Raw data =
== Segment start ==
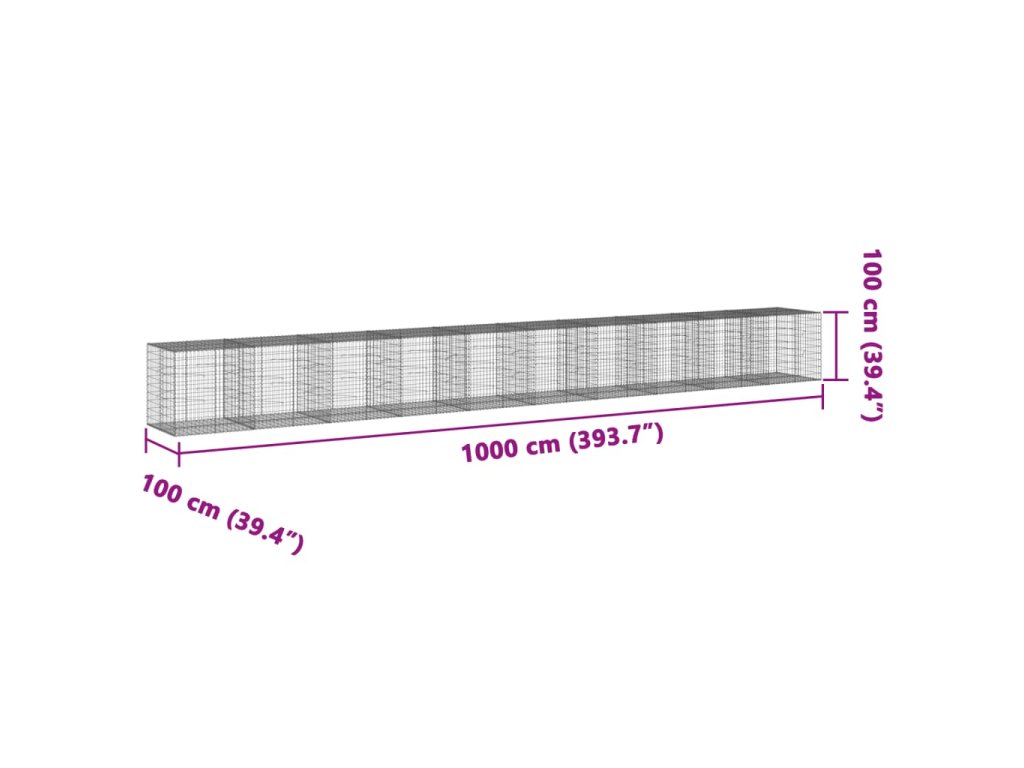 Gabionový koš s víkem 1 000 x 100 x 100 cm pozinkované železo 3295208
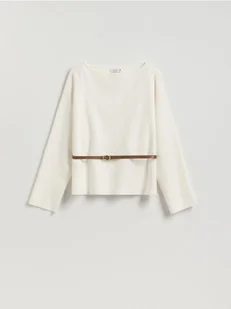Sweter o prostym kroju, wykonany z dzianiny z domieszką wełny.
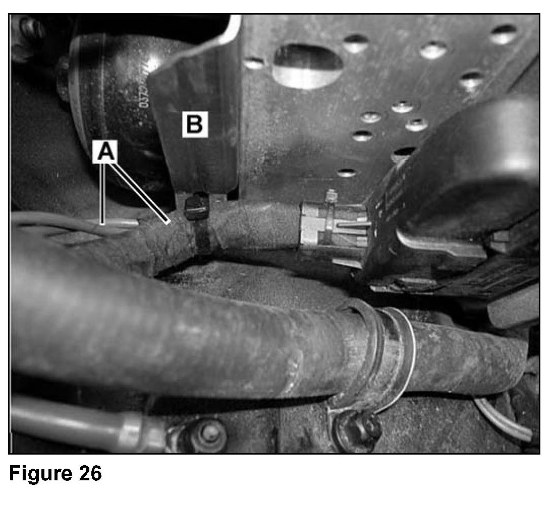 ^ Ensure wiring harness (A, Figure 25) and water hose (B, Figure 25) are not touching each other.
== Segment end ==
Problem to work on =
An exact repeat of all the data is required, pictures excluded.

Exercise output =
 Gabionový koš s víkem 1 000 x 100 x 100 cm pozinkované železo 3295208
Sweter o prostym kroju, wykonany z dzianiny z domieszką wełny.
 ^ Ensure wiring harness (A, Figure 25) and water hose (B, Figure 25) are not touching each other.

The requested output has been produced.